* [EXERCISE]:
Instruction for the entries below: return the part that opens with the line containing "为加强学院师德师风建设,筑牢" and closes with the line containing "桜と一緒に「人びとの 心が和", exactly, and no pictures.

* [EXTRACTED MATERIAL]:
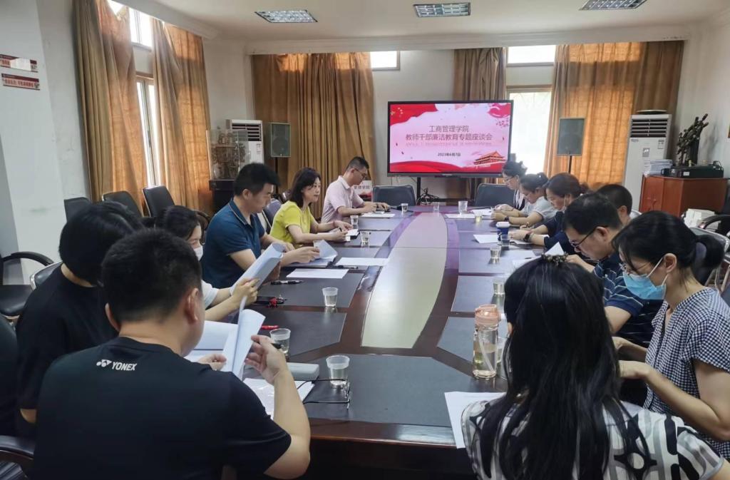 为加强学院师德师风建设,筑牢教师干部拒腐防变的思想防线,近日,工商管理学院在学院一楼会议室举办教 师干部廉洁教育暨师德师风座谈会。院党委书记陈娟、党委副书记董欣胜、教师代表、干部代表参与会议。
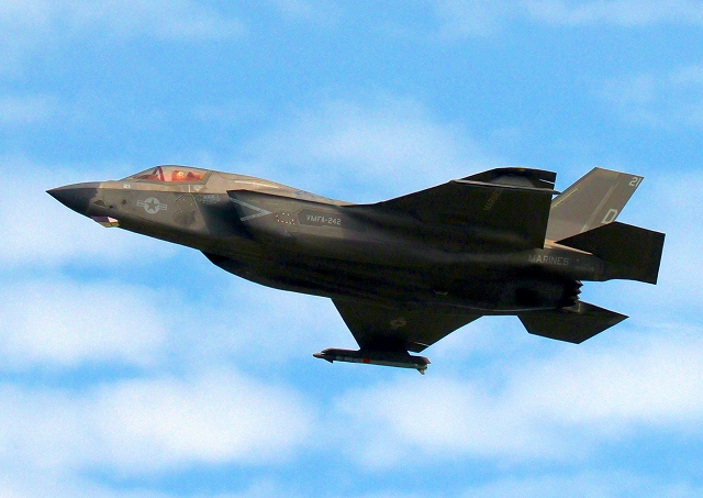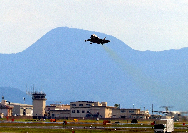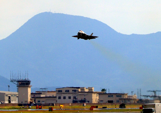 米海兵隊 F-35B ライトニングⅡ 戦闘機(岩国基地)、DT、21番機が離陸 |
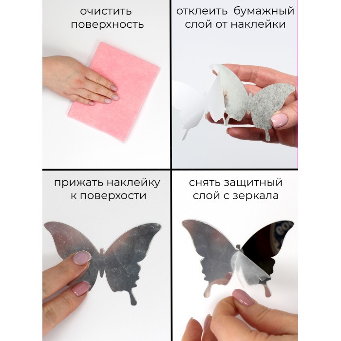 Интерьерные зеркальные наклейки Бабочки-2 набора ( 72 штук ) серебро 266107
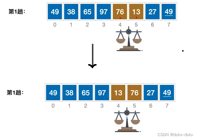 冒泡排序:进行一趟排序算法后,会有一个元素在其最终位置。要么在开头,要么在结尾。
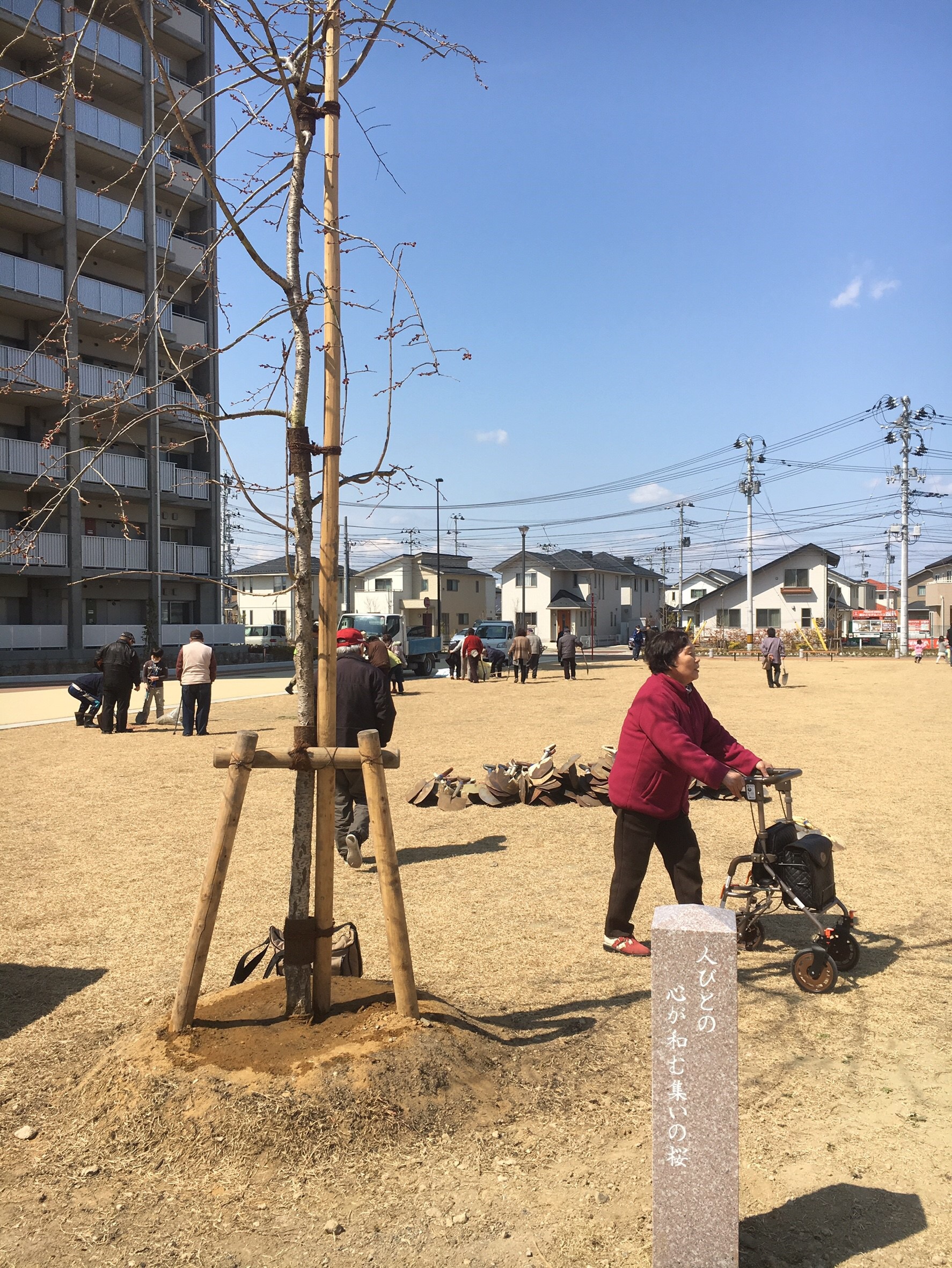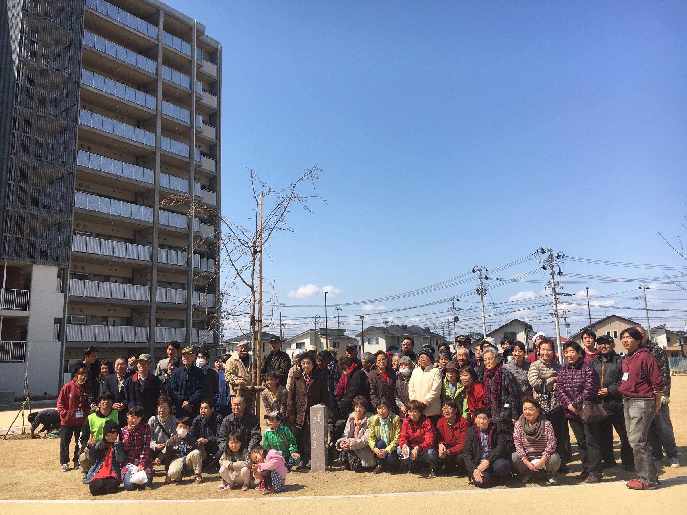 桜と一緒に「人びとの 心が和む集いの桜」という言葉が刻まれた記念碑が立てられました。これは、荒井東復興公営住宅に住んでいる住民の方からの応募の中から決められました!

* * *

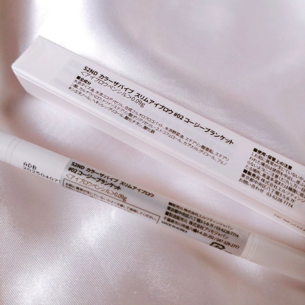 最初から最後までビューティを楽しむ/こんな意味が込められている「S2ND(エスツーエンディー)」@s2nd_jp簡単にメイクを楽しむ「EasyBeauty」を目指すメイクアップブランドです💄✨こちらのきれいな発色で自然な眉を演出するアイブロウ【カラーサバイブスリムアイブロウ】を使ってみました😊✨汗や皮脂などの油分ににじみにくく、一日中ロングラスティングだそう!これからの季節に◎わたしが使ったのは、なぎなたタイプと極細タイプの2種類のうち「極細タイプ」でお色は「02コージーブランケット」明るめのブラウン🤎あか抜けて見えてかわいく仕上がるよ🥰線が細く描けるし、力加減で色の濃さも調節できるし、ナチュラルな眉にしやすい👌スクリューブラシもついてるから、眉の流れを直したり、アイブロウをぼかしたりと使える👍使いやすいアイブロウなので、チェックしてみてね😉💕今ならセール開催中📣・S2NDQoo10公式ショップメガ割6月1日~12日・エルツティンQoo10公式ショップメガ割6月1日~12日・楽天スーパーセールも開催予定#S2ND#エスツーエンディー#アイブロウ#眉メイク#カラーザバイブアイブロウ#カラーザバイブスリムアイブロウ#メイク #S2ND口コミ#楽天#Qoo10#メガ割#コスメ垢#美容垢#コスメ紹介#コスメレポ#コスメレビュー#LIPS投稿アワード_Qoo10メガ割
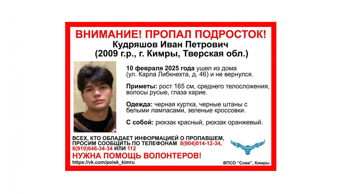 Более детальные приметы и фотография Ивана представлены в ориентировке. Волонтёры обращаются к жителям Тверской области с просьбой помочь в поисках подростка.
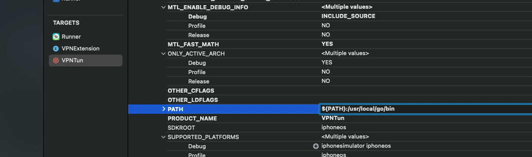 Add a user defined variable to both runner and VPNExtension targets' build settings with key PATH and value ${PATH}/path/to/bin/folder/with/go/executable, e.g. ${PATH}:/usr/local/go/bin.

* [ANSWER TO THIS PROBLEM]:
 为加强学院师德师风建设,筑牢教师干部拒腐防变的思想防线,近日,工商管理学院在学院一楼会议室举办教 师干部廉洁教育暨师德师风座谈会。院党委书记陈娟、党委副书记董欣胜、教师代表、干部代表参与会议。
 米海兵隊 F-35B ライトニングⅡ 戦闘機(岩国基地)、DT、21番機が離陸 |
 Интерьерные зеркальные наклейки Бабочки-2 набора ( 72 штук ) серебро 266107
 冒泡排序:进行一趟排序算法后,会有一个元素在其最终位置。要么在开头,要么在结尾。
 桜と一緒に「人びとの 心が和む集いの桜」という言葉が刻まれた記念碑が立てられました。これは、荒井東復興公営住宅に住んでいる住民の方からの応募の中から決められました!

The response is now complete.